He worked with a concentration so intense it startled even him.
“You’re… sewing that?” she whispered, her breath thin and fragile.
“Yes,” he said evenly. “And you’re not going to enjoy it.”
A faint, airless laugh slipped from her lips before pain stole it away.
Rain soaked through both of them as Daniel bent over her beneath the weak beam of his truck’s lamp. Cold water streamed down his neck, his knees ached against the asphalt, and his hands were slick with blood — but his fingers never faltered.
He shut everything else out.
There was only one fact that mattered:
If he hesitated, she would die.
Time lost its shape. Seconds stretched, warped, dissolved.

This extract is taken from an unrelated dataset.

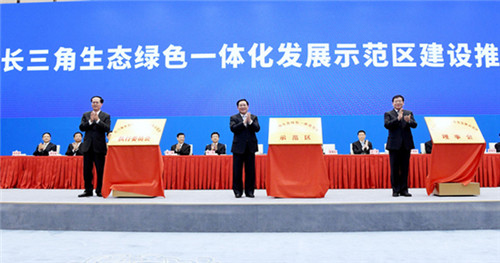11月1日,两省一市主要领导为长三角生态绿色一体化发展示范区揭牌(陈正宝摄)
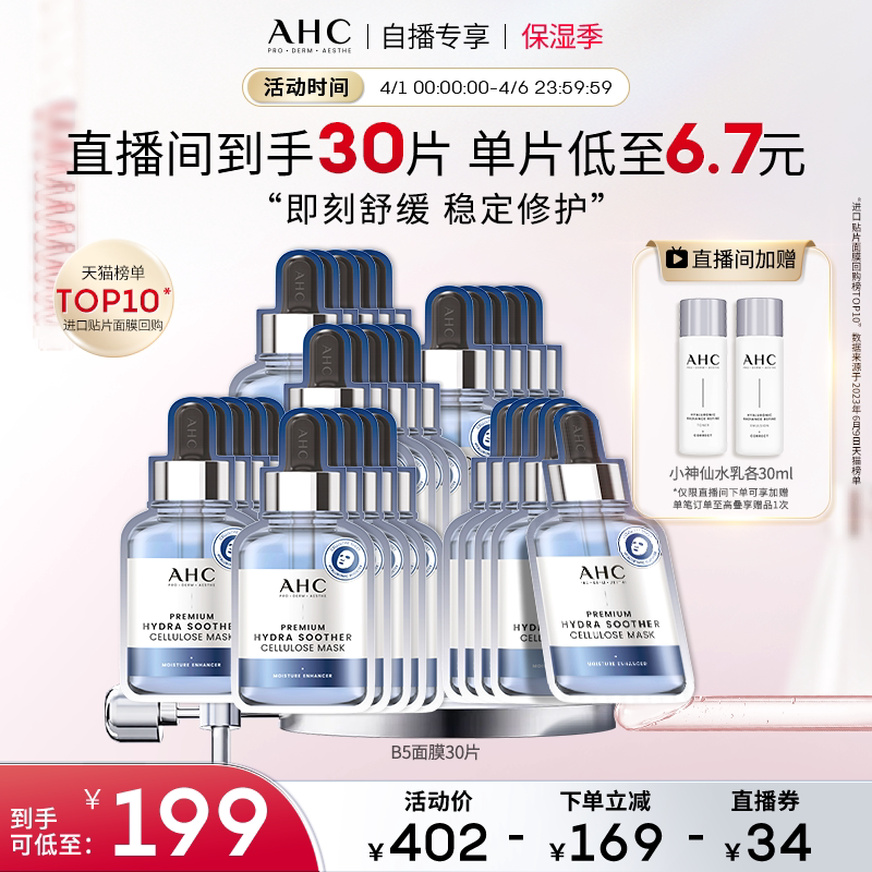 【直播专享】AHCB5玻尿酸安瓶面膜6盒补水保湿焕亮官方旗舰店正品

At last her breathing steadied. The flow of blood slowed to something manageable.
Then, far off, sirens pierced through the storm.
Relief surged through him — sharp and dizzying — until her eyes locked onto his.

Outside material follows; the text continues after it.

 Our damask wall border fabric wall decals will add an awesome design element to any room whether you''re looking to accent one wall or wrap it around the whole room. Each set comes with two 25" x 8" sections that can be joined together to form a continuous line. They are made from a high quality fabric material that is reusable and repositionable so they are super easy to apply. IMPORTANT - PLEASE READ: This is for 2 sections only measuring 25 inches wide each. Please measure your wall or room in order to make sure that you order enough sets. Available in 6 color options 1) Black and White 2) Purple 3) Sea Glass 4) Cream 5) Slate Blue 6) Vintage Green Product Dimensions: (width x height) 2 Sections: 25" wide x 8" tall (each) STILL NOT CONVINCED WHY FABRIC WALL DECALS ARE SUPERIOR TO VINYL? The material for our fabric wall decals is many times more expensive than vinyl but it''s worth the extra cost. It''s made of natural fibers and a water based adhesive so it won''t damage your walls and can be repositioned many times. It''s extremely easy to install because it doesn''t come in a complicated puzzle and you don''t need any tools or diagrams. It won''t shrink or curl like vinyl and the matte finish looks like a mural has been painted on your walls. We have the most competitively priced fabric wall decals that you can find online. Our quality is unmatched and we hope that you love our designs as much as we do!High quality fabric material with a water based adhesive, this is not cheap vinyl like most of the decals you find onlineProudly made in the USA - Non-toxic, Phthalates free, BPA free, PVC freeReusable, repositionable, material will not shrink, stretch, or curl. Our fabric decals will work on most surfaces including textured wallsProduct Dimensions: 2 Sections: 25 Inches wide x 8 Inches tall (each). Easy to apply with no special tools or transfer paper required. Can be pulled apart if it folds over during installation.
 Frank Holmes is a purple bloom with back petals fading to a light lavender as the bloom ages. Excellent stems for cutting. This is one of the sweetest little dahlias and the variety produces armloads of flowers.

“Who… taught you to do that?” she asked, her voice steadier now.
Daniel stepped back, his pulse thundering in his ears.
Because if she lived long enough to ask questions—
—then the past he had buried would not stay underground.
By morning, everyone at the department would be asking the same thing:
Who stitched that wound?
Officer Emily Reyes regained consciousness beneath sterile white ceilings, the steady beep of a cardiac monitor anchoring her to the present. Pain carved through her side, fierce and unrelenting, but she was alive.
That alone felt unreal.
Doctors moved around her bed, their voices calm, clinical. Yet one question kept resurfacing.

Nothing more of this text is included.